The top 10 most dominant genera in the bacterial communities of both macaque subspecies in the mangrove and island populations were identified and are shown in Fig. 4, middle panel. The most dominant bacterial genus in Mff was Oscillibacter at 13.3 ± 6.5% and 12.2 ± 3.3% in the mangrove and island populations, respectively. The other predominant bacteria in the bacterial microbiome of Mff were Prevotella, Clostridium sensu stricto, Clostridium XlVa, Faecalibacterium, and Intestinimonas. The proportions of these bacteria varied across samples and were different between the Mff mangrove and island populations. Oscillibacter was also the most dominant bacterial genus in the fecal microbiome of the Mfa island population (17.8 ± 7.6%) and was higher than that in the Mfa mangrove population (4.9 ± 4.5%). In contrast, Clostridium sensu stricto was the most predominant bacterial genus in the Mfa mangrove population (23.1 ± 22.9%) and with a significantly higher abundance (P < 0.0001) than in the Mfa island population (4.9 ± 7.4%).

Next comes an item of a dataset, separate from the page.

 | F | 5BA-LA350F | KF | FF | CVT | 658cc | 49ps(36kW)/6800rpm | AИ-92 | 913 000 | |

At the bacterial species level, Oscillibacter valericigenes was the most dominant species in Mff (13.38 ± 6.56% and 12.20 ± 3.36% in the mangrove and island populations, respectively) (Fig. 4, lower panel). The other less dominant bacterial species were Prevotella copri, Intestinimonas butyriciproducens, and Faecalibacterium prausnitzii; however, their abundance varied between populations. In contrast, Clostridium sardiniense was the most predominant bacterial species in the Mfa mangrove population (14.0 ± 15.5%) with a significantly higher abundance (P < 0.00001) than in the Mfa island population (0.03 ± 0.1%).

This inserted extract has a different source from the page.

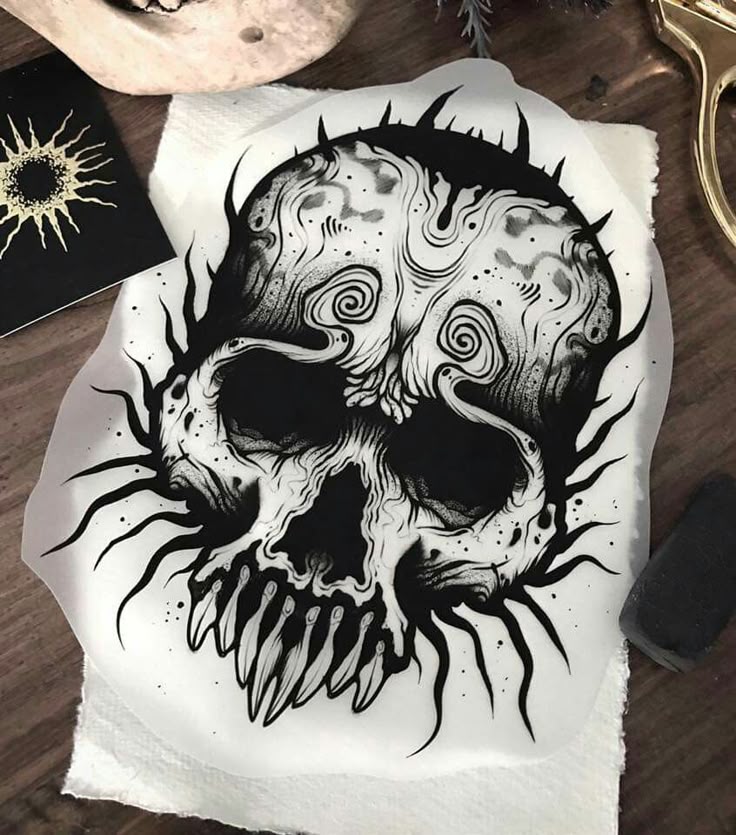 Заранее все изучите и примите верное решение, стоит ли делать тату с эскиза с черепом или не стоит. Возможно ли, что с годами вам может разонравится тот образ жизни, который окружает вас сегодня. В любом случае, решать вам.

Comparison of the bacterial species between the different macaque subspecies (Mff and Mfa) in the same habitat types (island or mangrove) was examined by Mann–Whitney U tests (P < 0.05). The results revealed that the Firmicutes and Bacteroidetes were the two most abundant phyla in the Mfa and Mff island populations; however, the proportion of Firmicutes was not significantly different between them. In contrast, Bacteroidetes were significantly higher in the Mff (28.9 ± 6.8%) than in the Mfa (20.6 ± 13.2%) island populations. Similarly, the mangrove population of Mfa showed a significantly higher abundance of Firmicutes (74.7 ± 27.2%) and a lower abundance of Bacteroidetes (5.4 ± 10.7%) than the Mff mangrove population.

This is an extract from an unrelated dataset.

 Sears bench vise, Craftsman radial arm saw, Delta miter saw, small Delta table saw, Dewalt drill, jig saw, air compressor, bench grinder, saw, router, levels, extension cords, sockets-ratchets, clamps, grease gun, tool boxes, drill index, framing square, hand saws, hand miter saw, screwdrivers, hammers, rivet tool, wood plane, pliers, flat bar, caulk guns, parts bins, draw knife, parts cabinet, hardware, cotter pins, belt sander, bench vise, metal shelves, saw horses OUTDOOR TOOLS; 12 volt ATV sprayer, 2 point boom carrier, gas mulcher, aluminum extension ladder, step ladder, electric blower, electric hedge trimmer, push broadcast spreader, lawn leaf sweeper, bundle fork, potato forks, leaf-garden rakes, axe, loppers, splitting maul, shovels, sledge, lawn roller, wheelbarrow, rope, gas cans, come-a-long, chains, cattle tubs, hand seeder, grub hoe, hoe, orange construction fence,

The taxonomic bacterial composition at a genera level showed that the Mfa island population (17.8 ± 12.2%) had a significantly higher abundance of Oscillibacter than the Mff island population (12.2 ± 3.3%), while Clostridium sensu stricto was significantly higher in the Mfa mangrove population (23.1 ± 22.9%) than in the Mff mangrove population (5.8 ± 11.1%). Further comparison at the bacterial species level reveled that Oscillibacter valericigenes was significantly more abundant in the Mfa island population (17.8 ± 7.6%) than in the Mff island population (12.2 ± 3.3%), while the Mfa mangrove population (14.0 ± 15.5%) had a significantly higher abundance of Clostridium sardiniense than the Mff mangrove population (0.4 ± 1.6%).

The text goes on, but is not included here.